● **Directions for this task**: Output exactly, and only, the lines below from the one with "- Приложение №3" down to the one with "B&Co L Bernardaud". Include both end lines and no pictures.

● **Entries shown**:
= Beginning of Section =

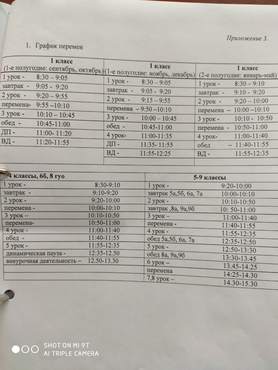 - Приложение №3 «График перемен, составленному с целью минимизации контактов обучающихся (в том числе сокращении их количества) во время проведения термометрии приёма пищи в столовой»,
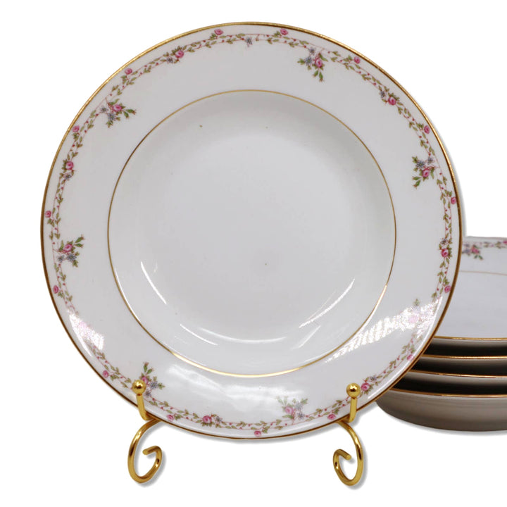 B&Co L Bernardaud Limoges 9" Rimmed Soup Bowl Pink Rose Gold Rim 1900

= End of Section =
= Beginning of Section =

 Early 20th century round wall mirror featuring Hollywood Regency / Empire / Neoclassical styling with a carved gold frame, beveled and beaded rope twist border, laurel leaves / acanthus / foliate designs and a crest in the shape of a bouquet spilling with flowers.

= End of Section =

● **Completed exercise**:
 - Приложение №3 «График перемен, составленному с целью минимизации контактов обучающихся (в том числе сокращении их количества) во время проведения термометрии приёма пищи в столовой»,
 B&Co L Bernardaud Limoges 9" Rimmed Soup Bowl Pink Rose Gold Rim 1900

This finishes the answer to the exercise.